Paucity of intellectual property rights information in the US biologics system a decade after passage of the Biosimilars Act

Robin Feldman

doi:10.1371/journal.pmed.1004381

Citation: Feldman R (2024) Paucity of intellectual property rights information in the US biologics system a decade after passage of the Biosimilars Act. PLoS Med 21(4): e1004381. https://doi.org/10.1371/journal.pmed.1004381

Published: April 25, 2024

Copyright: © 2024 Robin Feldman. This is an open access article distributed under the terms of the Creative Commons Attribution License, which permits unrestricted use, distribution, and reproduction in any medium, provided the original author and source are credited.
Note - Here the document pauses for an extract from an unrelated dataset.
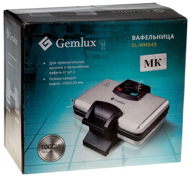 Коробка, в которой вафельница прибыла на тесты, оформлена в фирменном стиле Gemlux. Градуированный бирюзовый цвет с фоновыми фотографиями работающих поваров, наименование изделия, его изображение и основные характеристики. Коробка весьма информативна и не режет глаз. Приспособлением для переноски не оснащена, но ее размеры столь малы, что никаких проблем с транспортировкой прибора не возникнет.
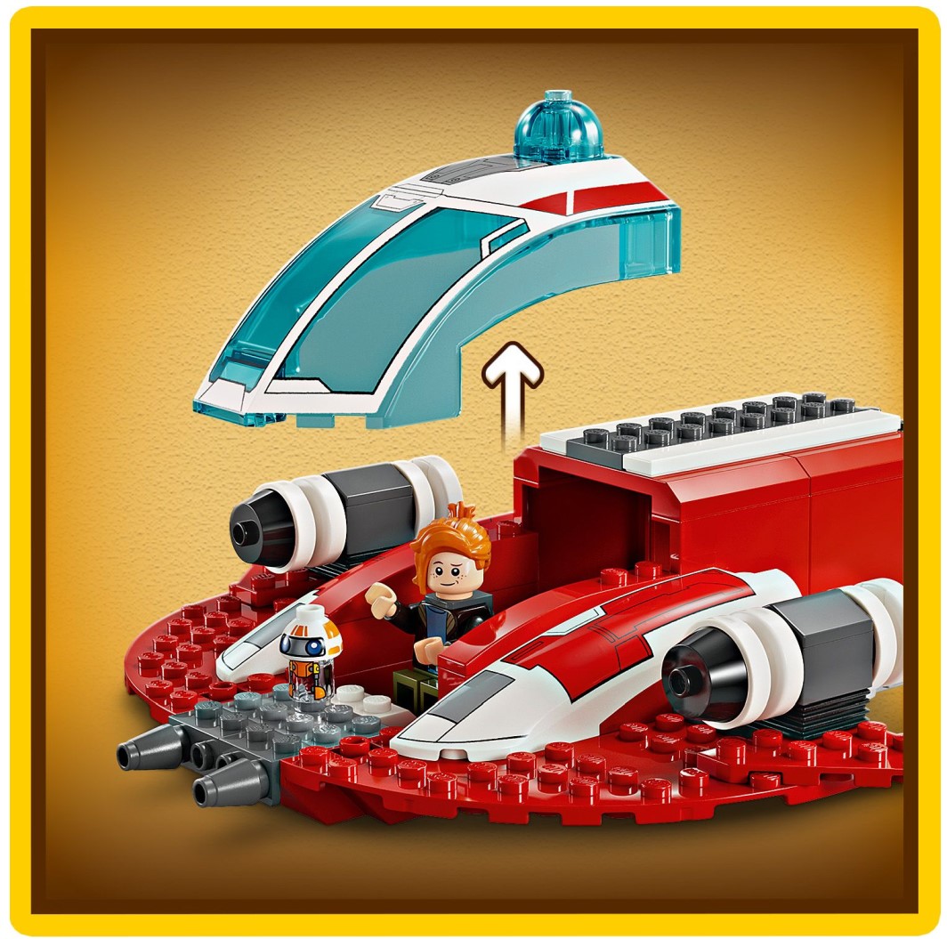 - Statek Karmazynowy Jastrząb i ścigacz — dzięki temu zestawowi startowemu maluchy mogą szybko zbudować pojazdy z serii Star Wars™ i odgrywać historie jako bohaterowie serialu Star Wars: Young Jedi Adventures

Funding: The author received no specific funding for this work.

Competing interests: The author has declared that no competing interests exist.

The Food and Drug Administration (FDA) maintains 2 lists of drugs approved in the United States—the Orange Book for small-molecule drugs and the Purple Book for large-molecule drugs.
US law requires that each application for approval of a small-molecule drug disclose the patents protecting the drug and mandates publication of the information in the Orange Book.
US law, however, imposes no patent-disclosure requirement on any application for approval of a large-molecule drug. Instead, US law requires that a brand biologic company disclose its patents—and that those patents are published in the Purple Book—only after a biosimilar applies for approval, and even then, only if rights negotiations between the brand and biosimilar reach a certain stage.
This legal regime for large-molecule drugs has led to remarkably little patent disclosure in the Purple Book: Only approximately 2% of the brand biologic listings in the Purple Book contain patent information. In comparison, the percentage of small-molecule drugs disclosing patent information in the Orange Book is 21 times greater.
Given that the Purple Book lists so little patent information about brand biologic drugs, a prospective biosimilar maker cannot readily assess its risk of patent infringement litigation, and so must make investment and manufacturing decisions blindly.
The informational deficit in the Purple Book contributes to the high price of biologic drugs by discouraging biosimilar entry and hampering competition: Based on the most recent data available, biologics accounted for 37% of all drug spending in the United States while accounting for only 2% of all US prescriptions.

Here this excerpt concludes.